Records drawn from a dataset

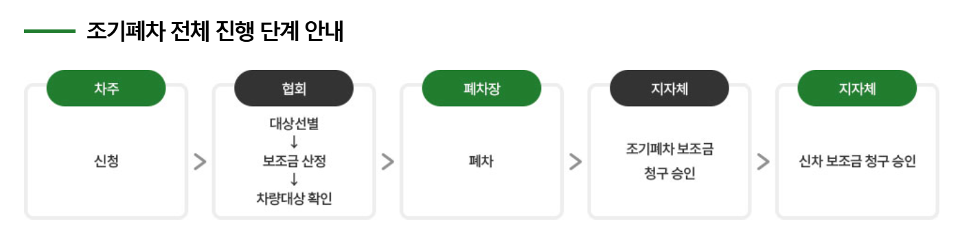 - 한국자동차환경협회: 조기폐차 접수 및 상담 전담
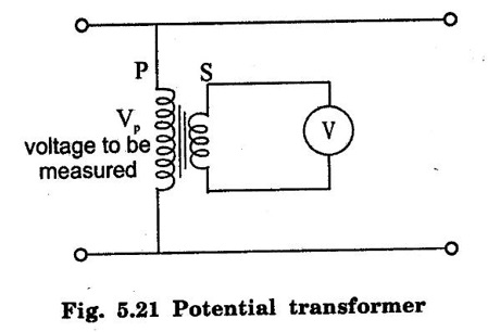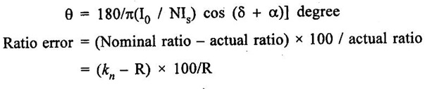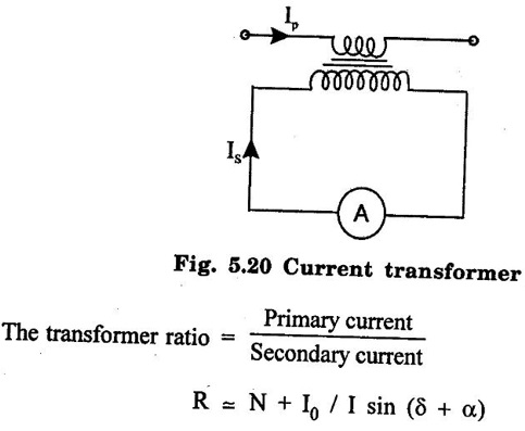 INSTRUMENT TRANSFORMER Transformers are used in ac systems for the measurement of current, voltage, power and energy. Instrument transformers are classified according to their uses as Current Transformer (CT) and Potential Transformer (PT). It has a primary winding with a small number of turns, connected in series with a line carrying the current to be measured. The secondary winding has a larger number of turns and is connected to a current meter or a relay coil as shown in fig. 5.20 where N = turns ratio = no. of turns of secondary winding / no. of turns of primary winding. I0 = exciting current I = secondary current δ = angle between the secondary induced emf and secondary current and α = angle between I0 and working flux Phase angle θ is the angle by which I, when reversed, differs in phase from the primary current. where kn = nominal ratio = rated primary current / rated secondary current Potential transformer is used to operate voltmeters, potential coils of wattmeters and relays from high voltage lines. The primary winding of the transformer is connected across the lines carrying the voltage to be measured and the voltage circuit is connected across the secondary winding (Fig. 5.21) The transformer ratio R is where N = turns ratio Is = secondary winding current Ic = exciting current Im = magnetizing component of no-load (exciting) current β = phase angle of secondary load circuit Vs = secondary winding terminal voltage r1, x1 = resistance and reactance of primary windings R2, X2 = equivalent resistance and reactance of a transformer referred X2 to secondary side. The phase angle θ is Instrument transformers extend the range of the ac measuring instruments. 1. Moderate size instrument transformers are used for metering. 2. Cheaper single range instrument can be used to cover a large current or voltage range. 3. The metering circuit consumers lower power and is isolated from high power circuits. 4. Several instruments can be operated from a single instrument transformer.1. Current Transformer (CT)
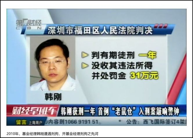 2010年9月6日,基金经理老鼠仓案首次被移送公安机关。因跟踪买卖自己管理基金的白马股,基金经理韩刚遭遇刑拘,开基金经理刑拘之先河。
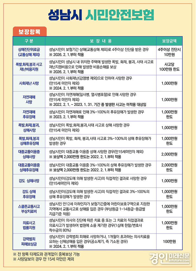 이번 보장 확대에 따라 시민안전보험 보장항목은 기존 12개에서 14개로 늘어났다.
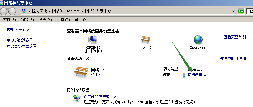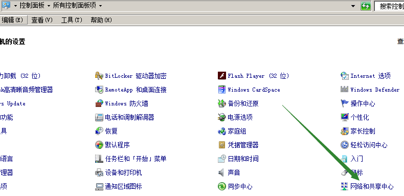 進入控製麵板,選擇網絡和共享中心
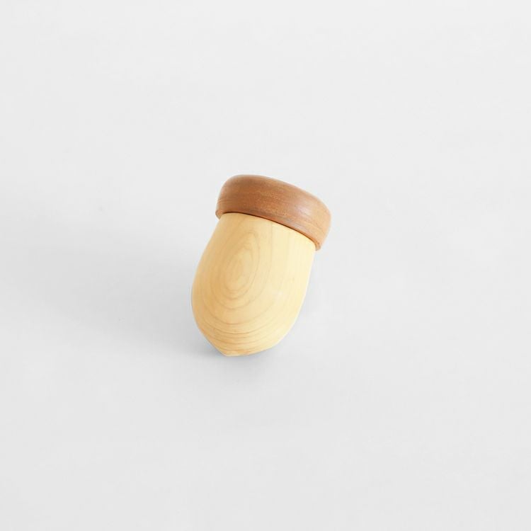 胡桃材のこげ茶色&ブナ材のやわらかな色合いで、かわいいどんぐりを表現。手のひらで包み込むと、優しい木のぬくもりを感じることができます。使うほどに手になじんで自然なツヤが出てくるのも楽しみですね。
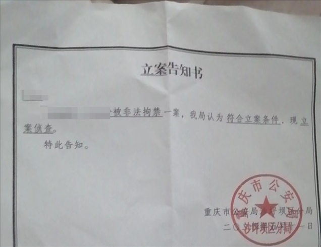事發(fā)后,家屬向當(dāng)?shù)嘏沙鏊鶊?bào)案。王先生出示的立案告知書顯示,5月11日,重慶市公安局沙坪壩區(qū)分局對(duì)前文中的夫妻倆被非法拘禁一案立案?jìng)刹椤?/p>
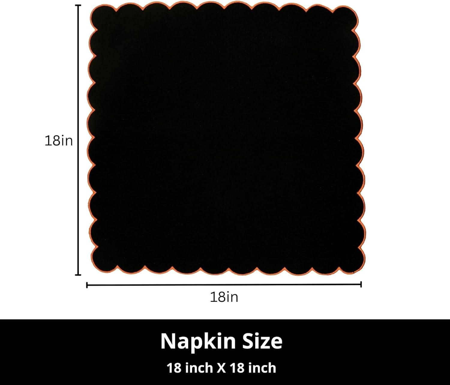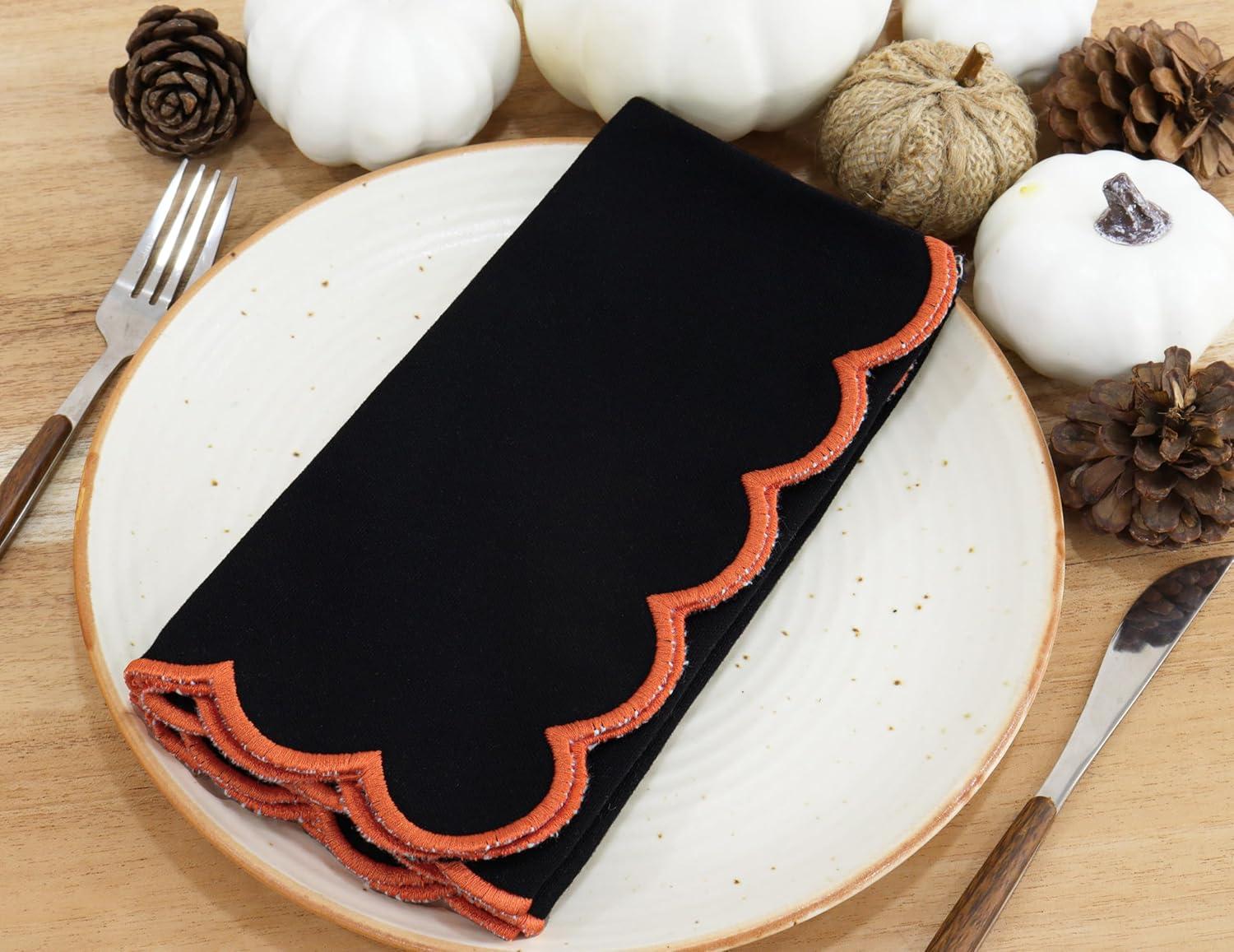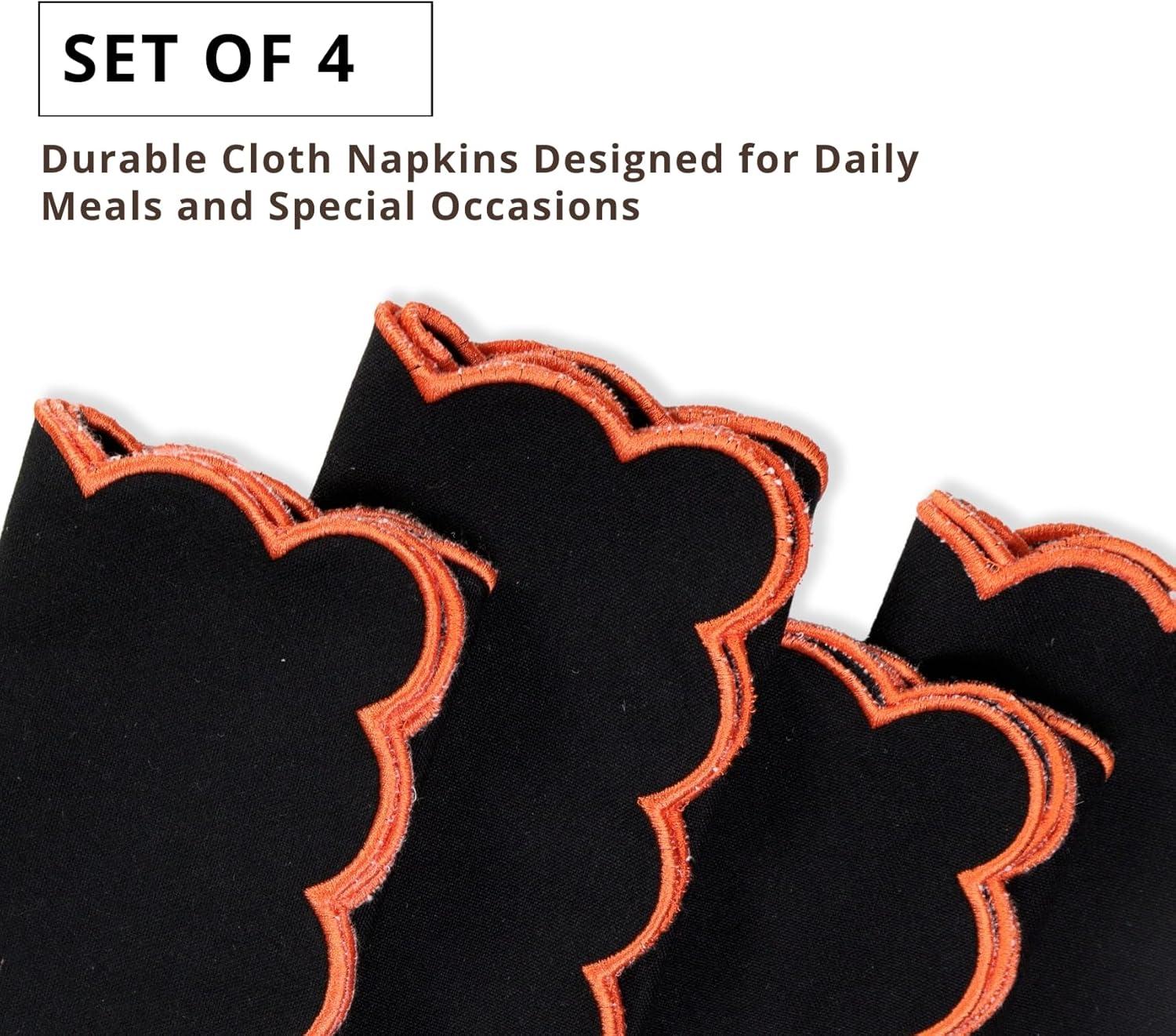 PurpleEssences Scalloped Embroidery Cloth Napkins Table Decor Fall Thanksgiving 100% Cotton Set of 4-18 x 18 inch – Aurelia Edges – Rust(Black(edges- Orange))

Your instructions:
Give back word for word the lines from the one containing "胡桃材のこげ茶色&ブナ材のや" through the final line of the data above. Pictures are to be left out.

Expected answer:
 胡桃材のこげ茶色&ブナ材のやわらかな色合いで、かわいいどんぐりを表現。手のひらで包み込むと、優しい木のぬくもりを感じることができます。使うほどに手になじんで自然なツヤが出てくるのも楽しみですね。
事發(fā)后,家屬向當(dāng)?shù)嘏沙鏊鶊?bào)案。王先生出示的立案告知書顯示,5月11日,重慶市公安局沙坪壩區(qū)分局對(duì)前文中的夫妻倆被非法拘禁一案立案?jìng)刹椤?/p>
 PurpleEssences Scalloped Embroidery Cloth Napkins Table Decor Fall Thanksgiving 100% Cotton Set of 4-18 x 18 inch – Aurelia Edges – Rust(Black(edges- Orange))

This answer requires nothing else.